This still seems pretty different to me than openly pushing for decolonization, especially since as late as the 90s when world sentiment had completely soured on colonialism and America had the direct opportunity to influence negotiations for the Northern Irish peace process, we still didn’t use our leverage to push actual NI independence. Still, good points all and I’ll add it in.

we still didn’t use our leverage to push actual NI independence

Northern Ireland is complicated by the fact that up until very recently a majority of the people living there saw themselves as being just as British as those on the island of Britain (this might still be the case but it has gotten much closer). It wouldn't be so much granting independence as it would be forcing the majority to join a nation they want no part in.

Fair point there.

The British Caribbean possessions, Jamaica, Barbados, etc, achieved independence directly with the British government without American involvement.

I realize it's a complicated history, but how would you describe Grenada, which was invaded by the Reagan administration within a decade of formal independence?
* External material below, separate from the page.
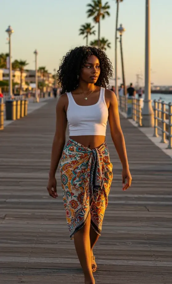 This effortlessly chic outfit is perfect for a stroll along the beach or a laid-back afternoon with friends. The simple white tank top is paired with a brightly colored, paisley-printed sarong wrapped around the waist, bringing a touch of boho flair. The sandals are comfortable and practical, while the minimal jewelry keeps the focus on the fun, playful vibe of the outfit. The look is completed with a relaxed, carefree attitude that makes this ensemble both stylish and comfortable.

Also worth noting would be American possessions: the Philippines were granted independence from the US in a decade-long process that started before WWII. Cuba was won from Spain in 1898 and granted independence (mostly) by the US in 1902.

There are also quite a few quasi-colonial possessions still floating around under various flags and governance: Puerto Rico, Tahiti, the Falklands, Aruba, Guyane, American Samoa, and so forth.

I realize it's a complicated history, but how would you describe Grenada, which was invaded by the Reagan administration within a decade of formal independence?

I guess it's an instance of America behaving in a colonial empire like way, the same way we do with a lot of Latin America. But I wouldn't say we really influenced their independence process or colonized them either - they had a Marxist military coup which we overthrew then withdrew pretty swiftly.

As for the countries we colonized and later gave independence too, it feels weird to me to give us credit for decolonizing places like the Phillipines that we kept under our yoke for half a century, repressing their independence movements all the while. It's like if a mugger grabs your wallet, you fight back for a while, and eventually he gives it back to you - you wouldn't normally give the mugger credit for your fiscal health.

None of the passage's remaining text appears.